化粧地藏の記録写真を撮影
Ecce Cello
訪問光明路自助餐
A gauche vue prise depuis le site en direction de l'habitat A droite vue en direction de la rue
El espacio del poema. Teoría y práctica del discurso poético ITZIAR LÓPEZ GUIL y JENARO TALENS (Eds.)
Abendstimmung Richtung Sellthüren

+===+

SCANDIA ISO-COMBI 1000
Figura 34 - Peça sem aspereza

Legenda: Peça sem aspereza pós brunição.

+===+

→ **TASK**
A verbatim transcription is needed of the lines above, starting at the line with "化粧地藏の記録写真を撮影" and ending at the line with "Abendstimmung Richtung Sellthüren", both included, and of nothing else.

→ **EXPECTED ANSWER**
化粧地藏の記録写真を撮影
Ecce Cello
訪問光明路自助餐
A gauche vue prise depuis le site en direction de l'habitat A droite vue en direction de la rue
El espacio del poema. Teoría y práctica del discurso poético ITZIAR LÓPEZ GUIL y JENARO TALENS (Eds.)
Abendstimmung Richtung Sellthüren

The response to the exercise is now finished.